Hello Forum, I would like to discuss here a strange situation I am experiencing with XML-Sitemaps Standalone Generator.

Firstly, the script is currently installed and fully working.

SCENARIO ONE
With the script installed, I manually run with a SSH session the following command:
/usr/bin/php /var/www/mysite.com/generator/runcrawl.php
The result is 2560 URL in sitemap.

SCENARIO TWO
The same script installed. I have set in CRONTAB the very same command:
/usr/bin/php /var/www/mysite.com/generator/runcrawl.php (the command runs at 3AM)
The result is 1950 URL in sitemap.

THE QUESTION IS: why running the very same script with a crontab command, it yields a less number of URL in sitemap?
Re: Problema running the script via Crontab
« Reply #1 on: July 04, 2012, 05:16:58 PM »
Hello,

is the result consistent? i.e. if you run it in ssh session again, it will create 2560 URLs sitemap again?
Re: Problema running the script via Crontab
« Reply #2 on: July 05, 2012, 08:11:36 AM »
Yes, everytime I run via SSH I get 2560 URLs.
Re: Problema running the script via Crontab
« Reply #3 on: July 05, 2012, 02:06:07 PM »
Hello,

could you please PM me your generator URL and an example URL that is not included in sitemap and how it can be reached starting from homepage?
Re: Problema running the script via Crontab
« Reply #4 on: July 06, 2012, 09:41:14 AM »
OKAY, start from the homepage:

1) [ External links are visible to forum administrators only ] then click on GIOCARE MODERNO
2) [ External links are visible to forum administrators only ] then click on Squadre FUORI CATALOGO
3) [ External links are visible to forum administrators only ] then click on SUCCESSIVO (the blu arrow for "next" 63 pages)
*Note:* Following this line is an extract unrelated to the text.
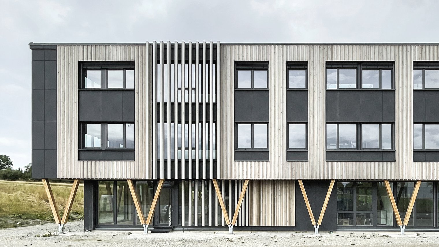 Kurze Bauzeit und hohe Qualität in Konstruktion und Architektur prägen das neue Verwaltungs- und Bemusterungsgebäude von Bauer Holzbau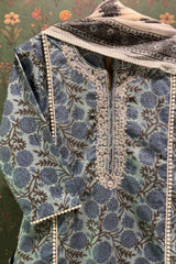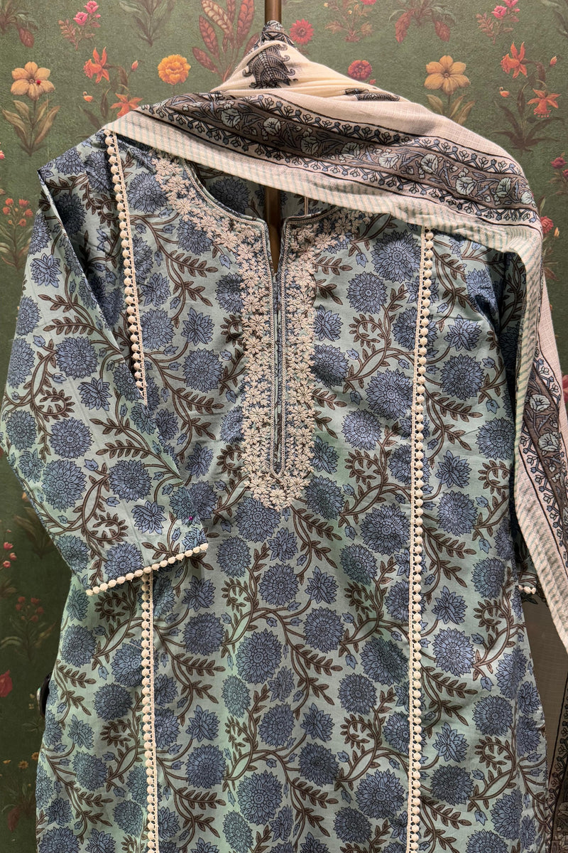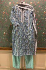 Sky Blue Floral Suit Set with Kota Doria Dupatta

[ External links are visible to forum administrators only ]
THIS PAGE IS NOT in sitemap.
Re: Problema running the script via Crontab
« Reply #5 on: July 06, 2012, 08:58:54 PM »
If you check the html source of the page, the pagination link looks like:
<a class="pagina_successiva" href="/page/1-20/2-20" title="Successivo">Successivo

i.e. points to domain root, and later it's corrected with javascript, which crawler bots will not see.